BankThink

Seidman: Saving the secondary market is the key

Stress tests are looking more appealing after the reassurances Federal Reserve Chairman Ben Bernanke offered yesterday during his testimony before the Senate Banking Committee, but there are still plenty of observers out there hoping the government´s rescue plan will move more quickly. Among the suggestions for improving the plan are quicker disposal of toxic assets; clearer, more detailed announcements; and changes to accounting rules.

Sources American Banker talked to yesterday disagreed on the best way to clean up toxic assets on banks´ balance sheets. Some suggested using the Federal Deposit Insurance Corp. to set up bridge banks and resolve the unhealthiest of institutions. Their suggestions contrasted with the views of former FDIC Chairman William Isaac, whose op-ed in the Wall Street Journal criticized the idea of an FDIC intervention.

But another former FDIC head thought the method could work for at least some of the banks.

L. William Seidman said using bridge banks was just one solution to the problem.

"I agree that it wouldn´t work to make them all bridge banks," he said. "But that doesn´t mean that for some of them that wouldn´t be the best solution."

To Mr. Isaac´s criticism that using bridge banks would mean breaking up the biggest banks in the country at the wrong time, Mr. Seidman responded that shrinking mega-banks may be the right way to go. "Do we really want to break down the biggest banks right now? Yes we do," he said.

But wiping bad assets from banks´ books wouldn´t be top on his list of priorities. "I´d say the best thing you could do for the banks right now would be to get the securitization market going," he said. "Most of the banks don´t hold these loans. Whether they´re credit cards, student loans, or housing loans-whatever-there is no securitization market."

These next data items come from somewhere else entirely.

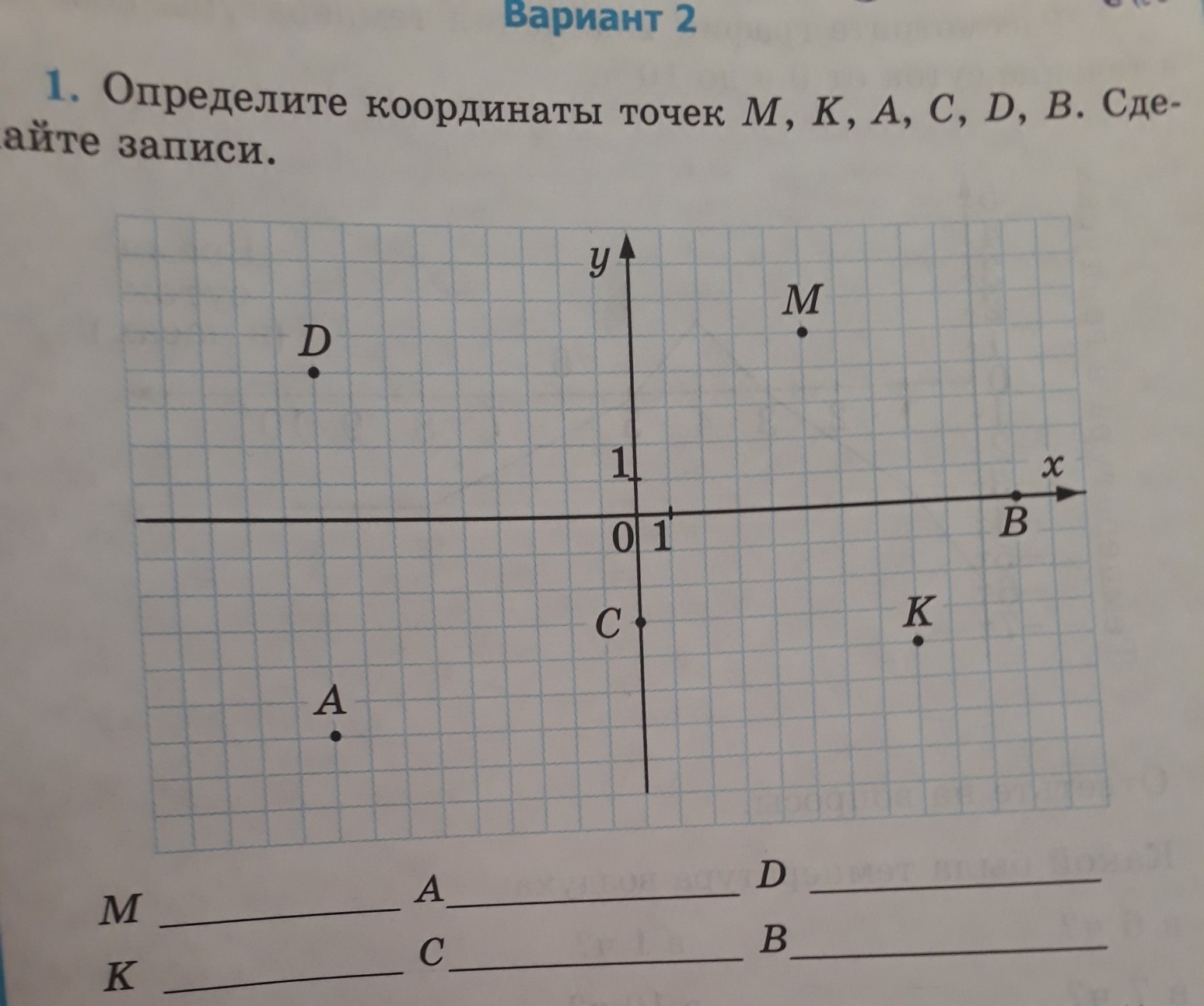 M(5;5), K(8;-4), A(-9;-6), C(0;-3), D(-9;4), B(11;0).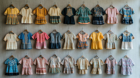 A stunning array of colorful traditional dresses showcased from the back, highlighting vibrant patterns and unique styles. Perfect for celebrating cultural heritage.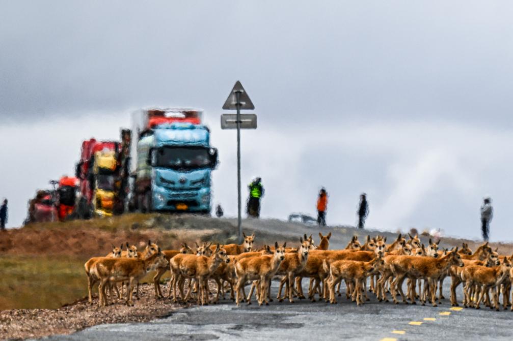 在可可西里,一群雌性待產藏羚羊通過青藏公路(5月29日攝)。新華社記者 張宏祥 攝

Mr. Seidman said rebooting the securitization market wouldn´t be easy, and no one had quite figured out how to accomplish it.

"I´m looking for a long-term solution that will set up a vehicle to insure that we have a securitization market and I think that requires an insurance-type operation somewhat like what the government does through the FDIC," he said. "It would simply take securitizations, and the securitizer would buy insurance on the securitization and the insurance fund would be reinsured by the government, and then people would buy it. Right now they won´t buy any securitizations, good bad or other, because they got burned."

Mr. Seidman added that rescuing banks was a Herculean task. "I´m so happy that I´m not charged with fixing this thing," he said. "This is a tough assignment. It involves not only subprime and all that, it involves the fundamental fact that we´ve been living beyond our means for the last ten years."